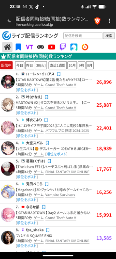 引用元: 251: Vtuberまとめ2025/10/02(木) 23:47:50.88 ホロライブ、嘘だと言ってくれ 257: Vtuberまとめ2025/10/02(木) 23:48:07.71 >>251 うわあああああああ 275: Vtuberまとめ2025/10/02(木) 23:49:26.08 >>251 栄冠で3万すら出せないこよりが悪い りりかですら出るのに 287: Vtuberまとめ2025/10/02(木) 23:50:05.18 >>251 スバルは今日はクソゲーだからしゃーない こよりは元々の数字を考えたら頑張ってる方 こうなった原因はぺこらだな 305: Vtuberまとめ2025/10/02(木) 23:50:42.59 >>251 ぺこらよっわ! 455: Vtuberまとめ2025/10/02(木) 23:57:05.23 >>251 葛葉ってオワコンなんだな 470: Vtuberまとめ2025/10/02(木) 23:58:11.72 >>455 あっちも代替わりか 1位の奴新人か? 540: Vtuberまとめ2025/10/03(金) 00:01:20.72 >>455 カセンによってlolとff14に封印されてる…
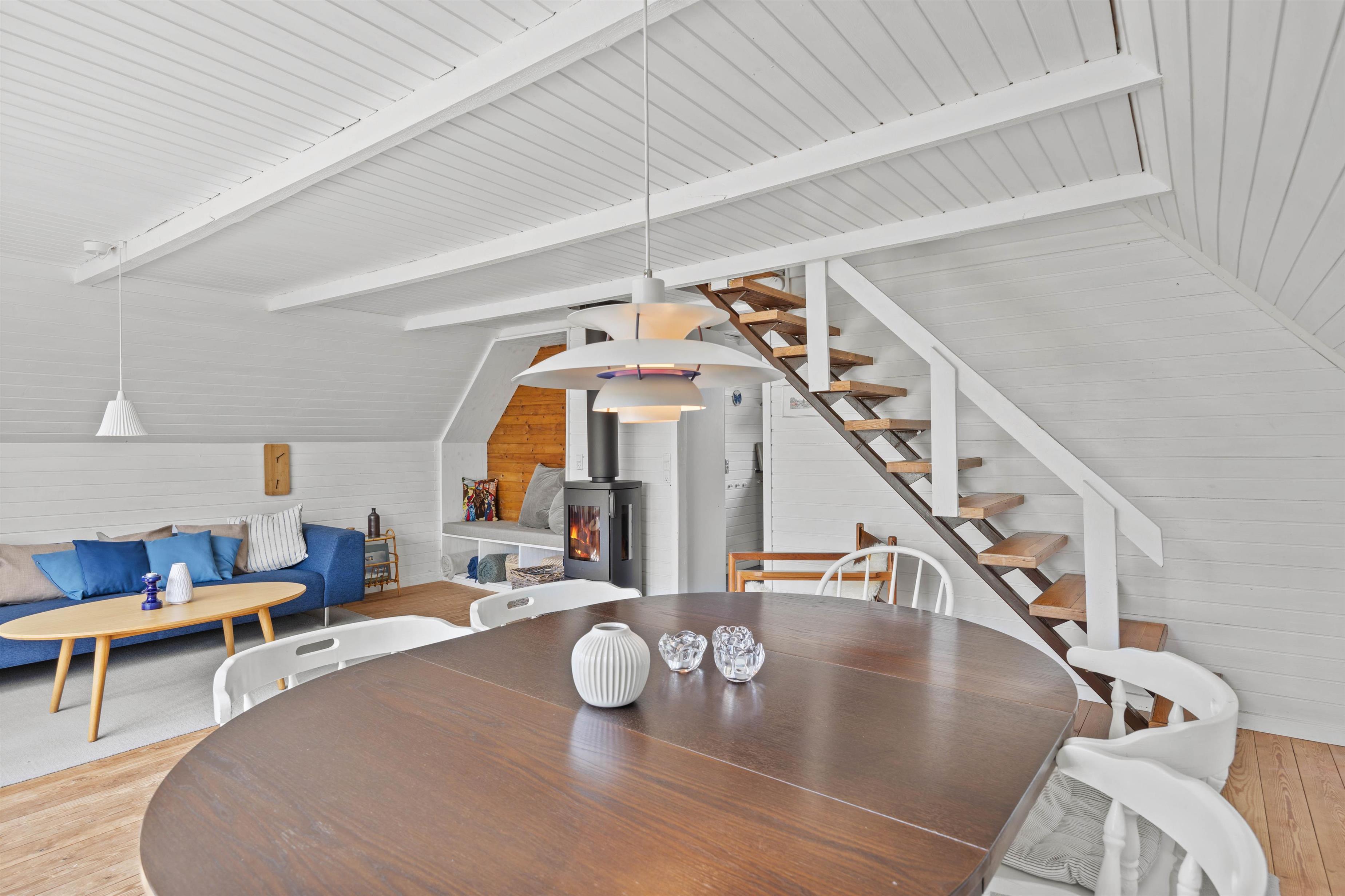 Indretningen bærer præg af klassisk sommerhusstemning med synlige bjælker, naturlige materialer og en brændeovn, der skaber varme og hygge året rundt. Samtidig er sommerhuset udstyret med moderne faciliteter som opvaskemaskine, Chromecast og en energivenlig varmepumpe, så I hverken skal undvære bekvemmelighed eller den særlige stemning, der kendetegner et sommerhus i Sønderho. Når dagen går på hæld, kan I tænde op i brændeovnen, finde en god film og lade roen sænke sig over jeres ferie på Fanø.
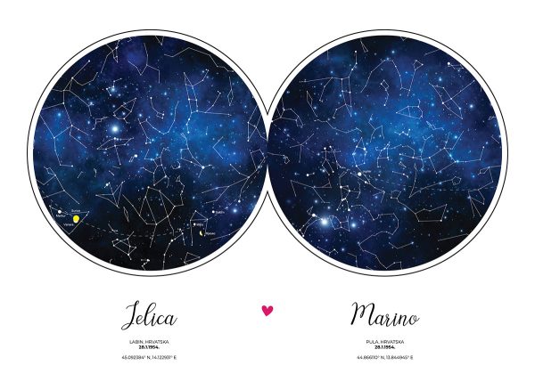 Za vas ćemo napraviti plakat dimenzija 30 x 40 cm, 40 x 50 cm ili 50 x 70 cm s točnom konstelacijom zvijezda te noći kad vam je srce poskočilo.
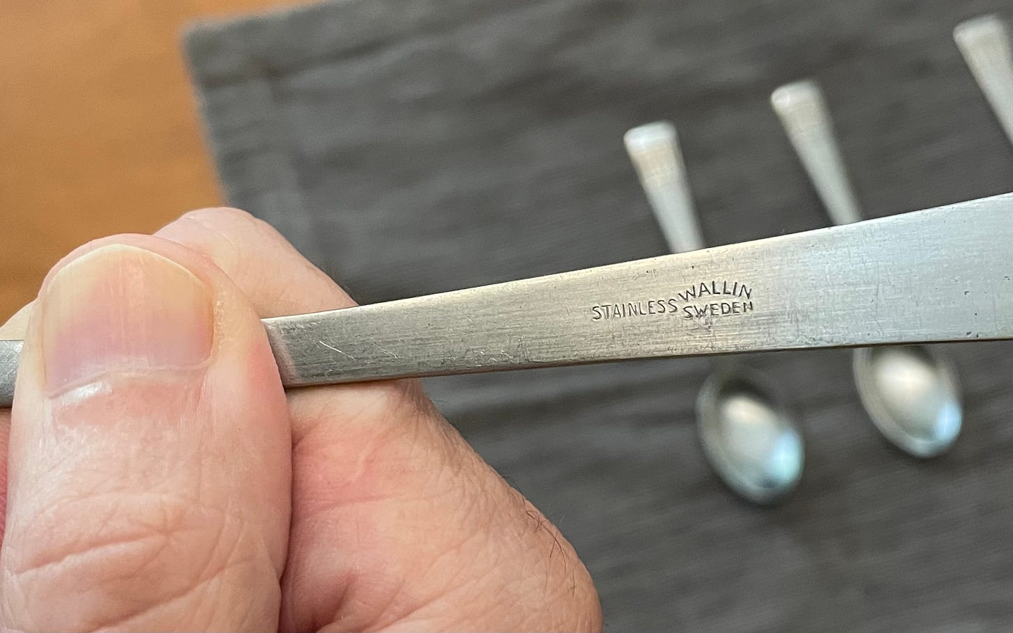 When I was growing up, our family had two sets of silverware. There was a fancy set, made of real silver, which was reserved for holidays and special occasions, and a stainless set for everyday use. The five utensils shown above are from that stainless set. They were made by a Swedish brand called Wallin, whose name is stamped into the underside of each piece:

§

In the reply, every line of the material above is to be reproduced verbatim, and the images are to be left out.

 引用元: 251: Vtuberまとめ2025/10/02(木) 23:47:50.88 ホロライブ、嘘だと言ってくれ 257: Vtuberまとめ2025/10/02(木) 23:48:07.71 >>251 うわあああああああ 275: Vtuberまとめ2025/10/02(木) 23:49:26.08 >>251 栄冠で3万すら出せないこよりが悪い りりかですら出るのに 287: Vtuberまとめ2025/10/02(木) 23:50:05.18 >>251 スバルは今日はクソゲーだからしゃーない こよりは元々の数字を考えたら頑張ってる方 こうなった原因はぺこらだな 305: Vtuberまとめ2025/10/02(木) 23:50:42.59 >>251 ぺこらよっわ! 455: Vtuberまとめ2025/10/02(木) 23:57:05.23 >>251 葛葉ってオワコンなんだな 470: Vtuberまとめ2025/10/02(木) 23:58:11.72 >>455 あっちも代替わりか 1位の奴新人か? 540: Vtuberまとめ2025/10/03(金) 00:01:20.72 >>455 カセンによってlolとff14に封印されてる…
 Indretningen bærer præg af klassisk sommerhusstemning med synlige bjælker, naturlige materialer og en brændeovn, der skaber varme og hygge året rundt. Samtidig er sommerhuset udstyret med moderne faciliteter som opvaskemaskine, Chromecast og en energivenlig varmepumpe, så I hverken skal undvære bekvemmelighed eller den særlige stemning, der kendetegner et sommerhus i Sønderho. Når dagen går på hæld, kan I tænde op i brændeovnen, finde en god film og lade roen sænke sig over jeres ferie på Fanø.
 Za vas ćemo napraviti plakat dimenzija 30 x 40 cm, 40 x 50 cm ili 50 x 70 cm s točnom konstelacijom zvijezda te noći kad vam je srce poskočilo.
 When I was growing up, our family had two sets of silverware. There was a fancy set, made of real silver, which was reserved for holidays and special occasions, and a stainless set for everyday use. The five utensils shown above are from that stainless set. They were made by a Swedish brand called Wallin, whose name is stamped into the underside of each piece:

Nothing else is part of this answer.